• **Records from a dataset**
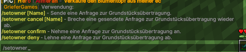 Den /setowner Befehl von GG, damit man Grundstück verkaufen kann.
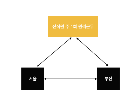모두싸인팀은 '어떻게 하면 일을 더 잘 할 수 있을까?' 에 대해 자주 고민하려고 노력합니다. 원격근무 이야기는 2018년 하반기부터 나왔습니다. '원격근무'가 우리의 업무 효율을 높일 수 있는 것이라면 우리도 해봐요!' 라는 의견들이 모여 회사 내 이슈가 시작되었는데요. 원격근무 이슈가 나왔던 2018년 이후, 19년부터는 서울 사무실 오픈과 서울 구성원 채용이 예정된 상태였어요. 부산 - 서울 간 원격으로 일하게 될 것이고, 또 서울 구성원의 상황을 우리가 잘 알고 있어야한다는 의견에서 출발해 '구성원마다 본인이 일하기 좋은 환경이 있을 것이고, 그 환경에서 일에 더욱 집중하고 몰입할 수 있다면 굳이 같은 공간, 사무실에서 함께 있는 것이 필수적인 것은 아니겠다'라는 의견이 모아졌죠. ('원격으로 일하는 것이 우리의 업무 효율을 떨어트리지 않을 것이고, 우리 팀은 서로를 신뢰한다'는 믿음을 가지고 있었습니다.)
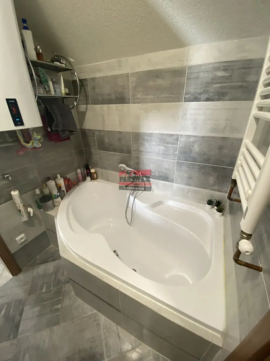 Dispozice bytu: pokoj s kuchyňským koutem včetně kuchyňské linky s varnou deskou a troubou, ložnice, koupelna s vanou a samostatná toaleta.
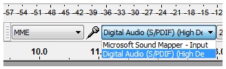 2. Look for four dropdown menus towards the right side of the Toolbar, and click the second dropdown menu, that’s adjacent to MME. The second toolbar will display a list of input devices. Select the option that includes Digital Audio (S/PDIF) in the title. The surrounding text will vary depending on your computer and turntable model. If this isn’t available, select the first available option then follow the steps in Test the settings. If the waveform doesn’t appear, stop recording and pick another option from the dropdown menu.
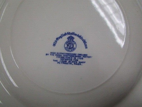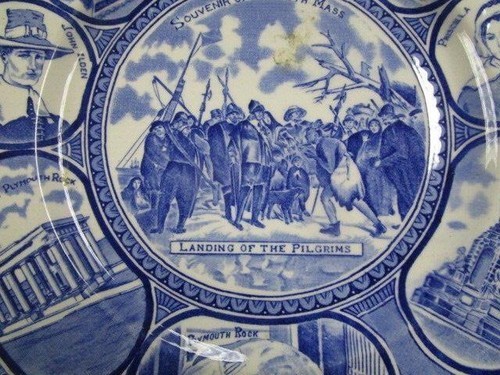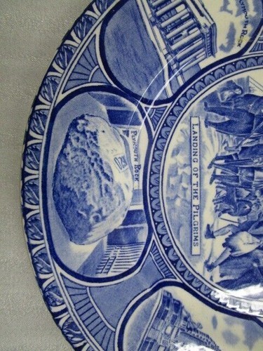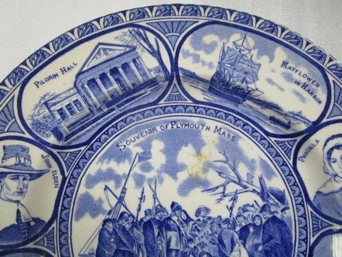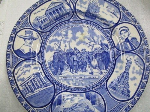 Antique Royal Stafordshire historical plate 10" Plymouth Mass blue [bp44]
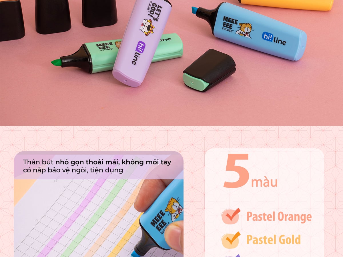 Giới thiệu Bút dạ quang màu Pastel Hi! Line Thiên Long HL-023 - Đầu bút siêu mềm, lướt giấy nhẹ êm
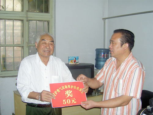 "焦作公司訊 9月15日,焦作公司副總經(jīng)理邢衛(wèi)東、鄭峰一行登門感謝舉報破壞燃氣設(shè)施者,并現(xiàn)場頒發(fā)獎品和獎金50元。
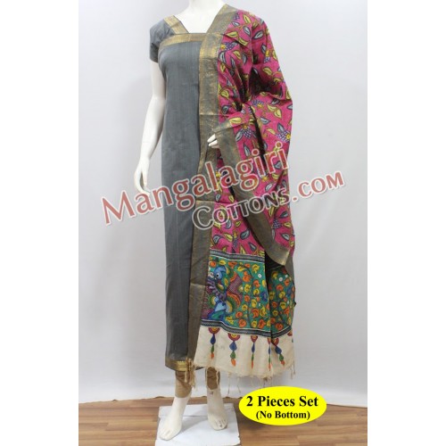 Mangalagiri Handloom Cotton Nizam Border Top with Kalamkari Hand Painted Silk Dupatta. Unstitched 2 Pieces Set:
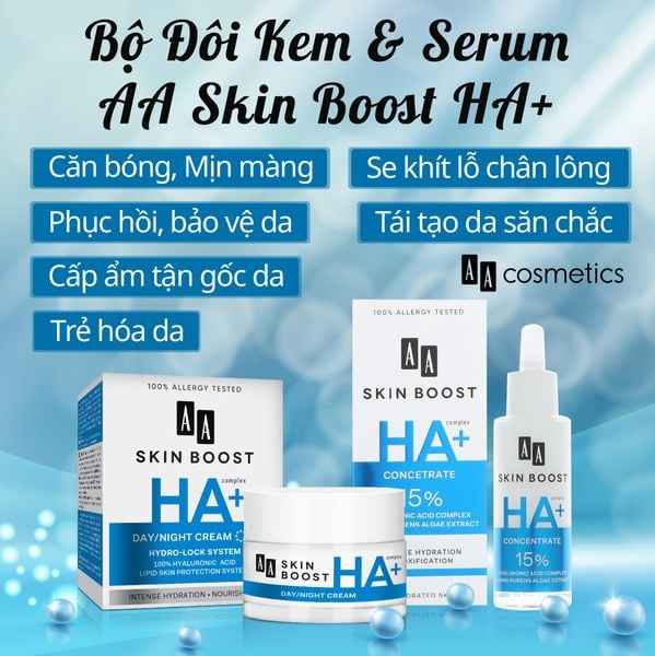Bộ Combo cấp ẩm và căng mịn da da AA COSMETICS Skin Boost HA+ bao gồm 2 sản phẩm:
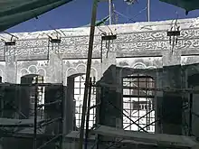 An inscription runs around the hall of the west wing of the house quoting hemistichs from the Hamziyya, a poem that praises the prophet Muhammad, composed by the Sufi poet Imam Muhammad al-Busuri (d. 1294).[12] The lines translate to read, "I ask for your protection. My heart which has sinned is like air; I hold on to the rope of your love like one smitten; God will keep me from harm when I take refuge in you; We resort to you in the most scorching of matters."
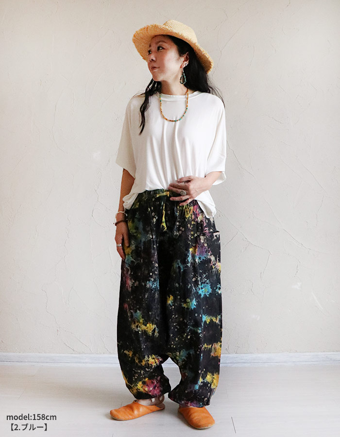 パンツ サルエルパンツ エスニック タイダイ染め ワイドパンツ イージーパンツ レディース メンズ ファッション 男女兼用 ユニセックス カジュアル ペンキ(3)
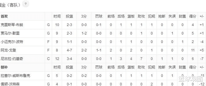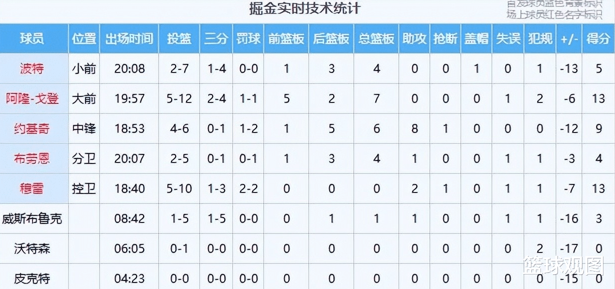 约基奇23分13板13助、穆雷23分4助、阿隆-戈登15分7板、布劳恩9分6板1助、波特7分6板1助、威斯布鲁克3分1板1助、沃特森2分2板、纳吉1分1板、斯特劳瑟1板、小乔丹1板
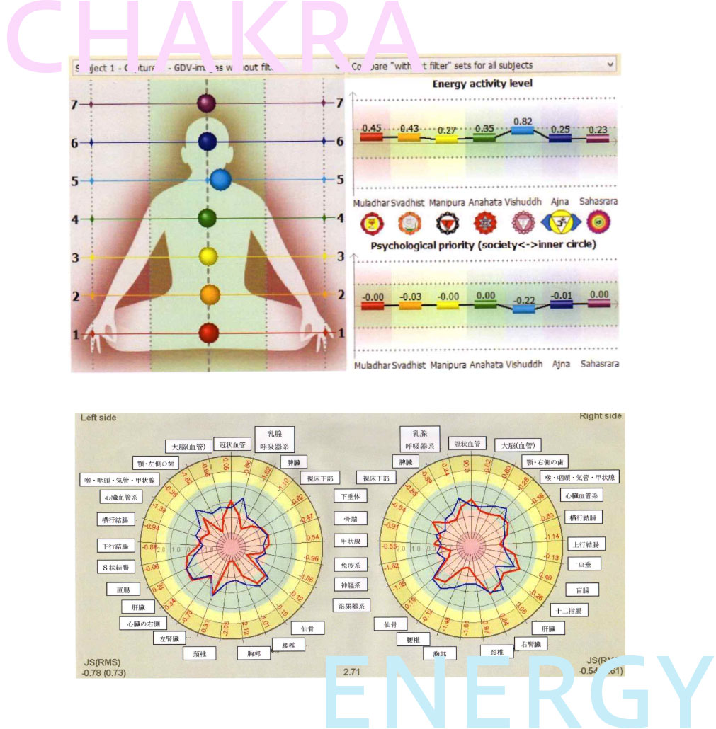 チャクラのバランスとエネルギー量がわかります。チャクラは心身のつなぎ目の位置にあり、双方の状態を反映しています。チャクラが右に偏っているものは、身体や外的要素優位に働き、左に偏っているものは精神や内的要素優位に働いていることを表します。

• **TASK ITEM**
All of the data above must be printed exactly, minus its pictures.

• **ANSWER AREA**
 Den /setowner Befehl von GG, damit man Grundstück verkaufen kann.
모두싸인팀은 '어떻게 하면 일을 더 잘 할 수 있을까?' 에 대해 자주 고민하려고 노력합니다. 원격근무 이야기는 2018년 하반기부터 나왔습니다. '원격근무'가 우리의 업무 효율을 높일 수 있는 것이라면 우리도 해봐요!' 라는 의견들이 모여 회사 내 이슈가 시작되었는데요. 원격근무 이슈가 나왔던 2018년 이후, 19년부터는 서울 사무실 오픈과 서울 구성원 채용이 예정된 상태였어요. 부산 - 서울 간 원격으로 일하게 될 것이고, 또 서울 구성원의 상황을 우리가 잘 알고 있어야한다는 의견에서 출발해 '구성원마다 본인이 일하기 좋은 환경이 있을 것이고, 그 환경에서 일에 더욱 집중하고 몰입할 수 있다면 굳이 같은 공간, 사무실에서 함께 있는 것이 필수적인 것은 아니겠다'라는 의견이 모아졌죠. ('원격으로 일하는 것이 우리의 업무 효율을 떨어트리지 않을 것이고, 우리 팀은 서로를 신뢰한다'는 믿음을 가지고 있었습니다.)
 Dispozice bytu: pokoj s kuchyňským koutem včetně kuchyňské linky s varnou deskou a troubou, ložnice, koupelna s vanou a samostatná toaleta.
 2. Look for four dropdown menus towards the right side of the Toolbar, and click the second dropdown menu, that’s adjacent to MME. The second toolbar will display a list of input devices. Select the option that includes Digital Audio (S/PDIF) in the title. The surrounding text will vary depending on your computer and turntable model. If this isn’t available, select the first available option then follow the steps in Test the settings. If the waveform doesn’t appear, stop recording and pick another option from the dropdown menu.
 Antique Royal Stafordshire historical plate 10" Plymouth Mass blue [bp44]
 Giới thiệu Bút dạ quang màu Pastel Hi! Line Thiên Long HL-023 - Đầu bút siêu mềm, lướt giấy nhẹ êm
 "焦作公司訊 9月15日,焦作公司副總經(jīng)理邢衛(wèi)東、鄭峰一行登門感謝舉報破壞燃氣設(shè)施者,并現(xiàn)場頒發(fā)獎品和獎金50元。
 Mangalagiri Handloom Cotton Nizam Border Top with Kalamkari Hand Painted Silk Dupatta. Unstitched 2 Pieces Set:
Bộ Combo cấp ẩm và căng mịn da da AA COSMETICS Skin Boost HA+ bao gồm 2 sản phẩm:
 An inscription runs around the hall of the west wing of the house quoting hemistichs from the Hamziyya, a poem that praises the prophet Muhammad, composed by the Sufi poet Imam Muhammad al-Busuri (d. 1294).[12] The lines translate to read, "I ask for your protection. My heart which has sinned is like air; I hold on to the rope of your love like one smitten; God will keep me from harm when I take refuge in you; We resort to you in the most scorching of matters."
 パンツ サルエルパンツ エスニック タイダイ染め ワイドパンツ イージーパンツ レディース メンズ ファッション 男女兼用 ユニセックス カジュアル ペンキ(3)
 约基奇23分13板13助、穆雷23分4助、阿隆-戈登15分7板、布劳恩9分6板1助、波特7分6板1助、威斯布鲁克3分1板1助、沃特森2分2板、纳吉1分1板、斯特劳瑟1板、小乔丹1板
 チャクラのバランスとエネルギー量がわかります。チャクラは心身のつなぎ目の位置にあり、双方の状態を反映しています。チャクラが右に偏っているものは、身体や外的要素優位に働き、左に偏っているものは精神や内的要素優位に働いていることを表します。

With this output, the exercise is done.